Remark 3.1. If $0 < M < M_{2}$ and $1 < a < \frac{2A+3}{A+2}$ , $\overline{E}_{2}$ is a stable hyperbolic focus or a node. Using the transformations (1.4) and (3.1), the coefficients $M, \, \, A$ and $a$ of system (3.2) do not include the intrinsic growth rate of predator $s$ of the original system (1.3). Ecologically, when $M$ and $a$ are sufficiently small, we take certain initial value that two species can coexist in the form of steady state independent of the intrinsic growth rate of predator $s$ .

When the case $(3)$ of Theorem 3.3 are satisfied, system (3.3) will go through a Hopf bifurcation. Let

$\begin{equation*} \begin{split} &R_{2} = (Mak-5Ma+2)A^4+\big[2k(3Ma-1)-(Ma+9)^2+88\big]A^3+\big[6(Ma-1)k+6(1-3Ma)\big]A^2\\&\qquad\;+(M-a)^2A^2+\big[(3Ma-3)k-9Ma+1\big]A-M-a \end{split} \end{equation*}$

with $k = M+a-1$ . We obtain the following theorem about the Hopf bifurcation.

Theorem 3.4. Assume that the case $(3)$ of Theorem 3.3 are satisfied.

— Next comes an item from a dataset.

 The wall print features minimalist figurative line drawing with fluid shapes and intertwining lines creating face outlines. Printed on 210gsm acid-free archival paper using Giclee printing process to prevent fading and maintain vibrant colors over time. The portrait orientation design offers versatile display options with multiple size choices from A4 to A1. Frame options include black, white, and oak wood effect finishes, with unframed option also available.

(1) System (3.3) undergoes a subcritical Hopf bifurcation and an unstable limit cycle appears around $\overline{E}_{2}$ when $R_{2} < 0$ .

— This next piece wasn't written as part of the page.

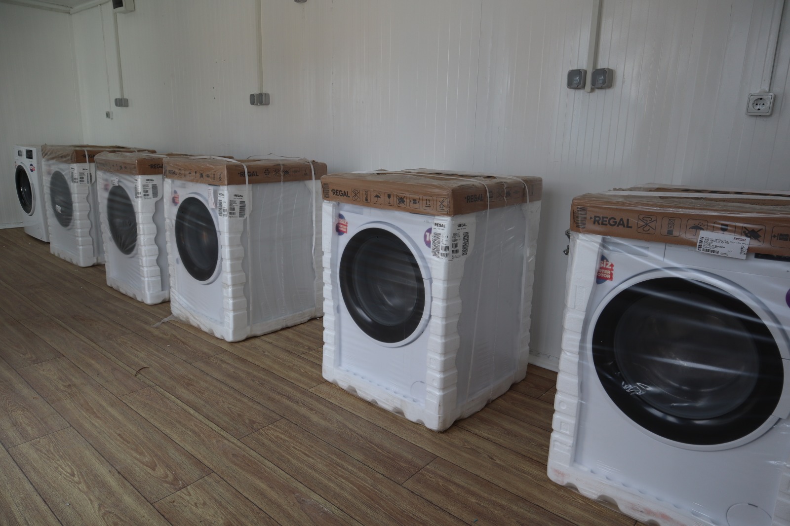 Destek Hizmetler Müdürlüğü, depremzedelerin hijyen içinde yaşamasını sağlamak için üretim geliştirmeyi de sürdürdü. Bu hafta yapılan çalışmalar kapsamında depremzedelerin yaşadığı geçici yaşam alanlarına ulaştırılmak üzere bir çamaşırhane üretildi. İçinde 6 adet çamaşır makinesinin yer aldığı konteyner çamaşırhane ve diğer üretimi yapılan kompakt ihtiyaç noktaları en kısa sürede bölgeye gönderilecek.
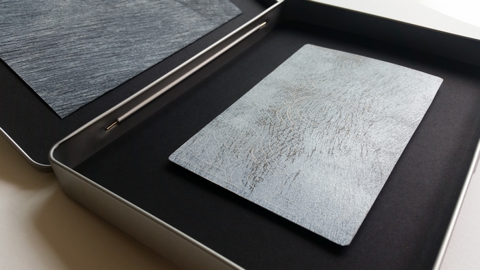 CALES DE BRIDAGE, Leporello comportant 18 pièces en aluminium imprimées à l’encre taille-douce sur papier Hahnemühle 300g, couverture en zinc, 10 exemplaires, format plié 7×14,5cm, 2019

(2) System (3.3) undergoes a supercritical Hopf bifurcation and a stable limit cycle appears around $\overline{E}_{2}$ when $R_{2} > 0$ .

(3) System (3.3) undergoes a degenerate Hopf bifurcation and multiple limit cycles may appear around $\overline{E}_{2}$ when $R_{2} = 0$ .

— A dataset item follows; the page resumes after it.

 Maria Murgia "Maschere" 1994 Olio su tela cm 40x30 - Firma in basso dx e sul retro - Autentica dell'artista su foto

3.3. Bogdanov-Takens Bifurcation

From Theorem 3.1, the degenerate equilibrium $E_{\ast}$ of system (1.5) is a cusp of codimension 2 or 3. Hence, system (1.5) presumably exists a Bogdanov-Takens bifurcation of codimension 2 or 3. Then we will choose appropriate bifurcation parameters to verify the existence of the Bogdanov-Takens bifurcation.

When the equilibrium $E_{\ast}$ is a cusp of codimension 2, we select $Q$ and $S$ as bifurcation parameters, and have the following theorem.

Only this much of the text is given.